When creative robots use motion to convey meaning, we expect them to aim for more than the “mere execution” of a literal script. Augello et al. (2016b) explicitly make the latter their goal, in the context of a robot that learns to dance in time to music. Another dancing robot system, that of Fabiano et al. (2017), chooses its actions to match the schematic drawings of dance movements shown to it by a collaborator.
Robot actors on a stage can be likened to human actors in a stage play, or to animated cartoon characters. In each case, however, the artifice succeeds to the extent that movements are considered natural. Laban movement analysis (LMA), which allows one to characterize the effort required for different bodily movements, in addition to modeling the body’s shape and use of space, has been used by Bravo Sánchez et al. (2017) to support natural robot movements in short plays. Robots can enact artificial stories generated by an AI system, or they can interactively enact a human-crafted story. The GENTORO system of Sugimoto et al. (2009) does the latter, to encourage story-telling in children by combining robots and handheld projectors. A story-telling (or story-enacting) robot can be a physical presence, or a wholly virtual one, as in Catala et al. (2017). Nonetheless, results reported in Costa et al. (2018) show that embodied robots garner more attention and engagement that virtual ones.
As noted in (Augello et al., 2016b), a performer should do more than merely execute a script. Rather, it should interpret that which it sets out to perform, in whatever context – conversation, theatre, dance – it is designed to do so.
One of the first computational storytelling systems to consider context was Novel WriterKlein et al. (1973), a system for generating short tales of murder in a specific context (a weekend party). Simulation is used to determine the consequences of events as shaped by the chosen traits of the killer and his victim. Changing these traits can alter the simulation and produce different plot outcomes. Story-telling systems can obtain and set these plot-shaping traits in a variety of ways, both direct and indirect.

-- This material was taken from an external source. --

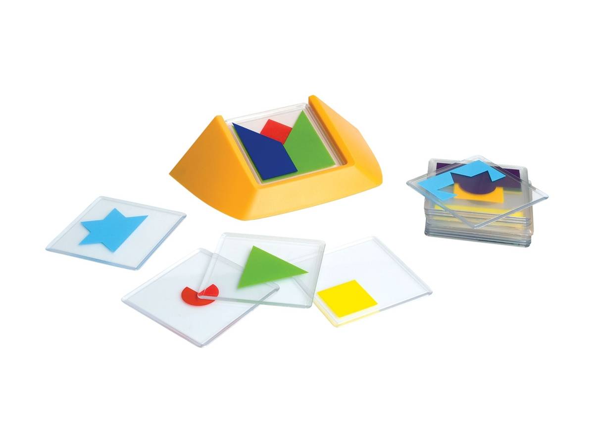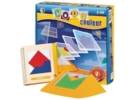 Jeu de patience solitaire. Comprend un support et 18 plaques en plastique illustrées de différentes formes géométriques de couleurs diverses et un livret contenant 100 problèmes de 4 niveaux de difficulté. Le but est de reproduire l'image présentée dans le livret.

A robot storyteller can, for instance, obtain personal traits from its users, by asking a series of personal questions that are shaped by its own notions of narrative (Wicke and Veale, 2018a). Those questions, and the answers that are provided, then shape the generated story, and provide a context for the audience to understand the actions of the performer. Basing a story on a user’s own experiences is just one way of providing a clear interpretative basis for the performer’s actions on stage. The more general approach provided here seeks to instead ground the performer’s choices in a user-independent model of how characters are affected – and are seen to be affected – by the cumulative actions of the plot.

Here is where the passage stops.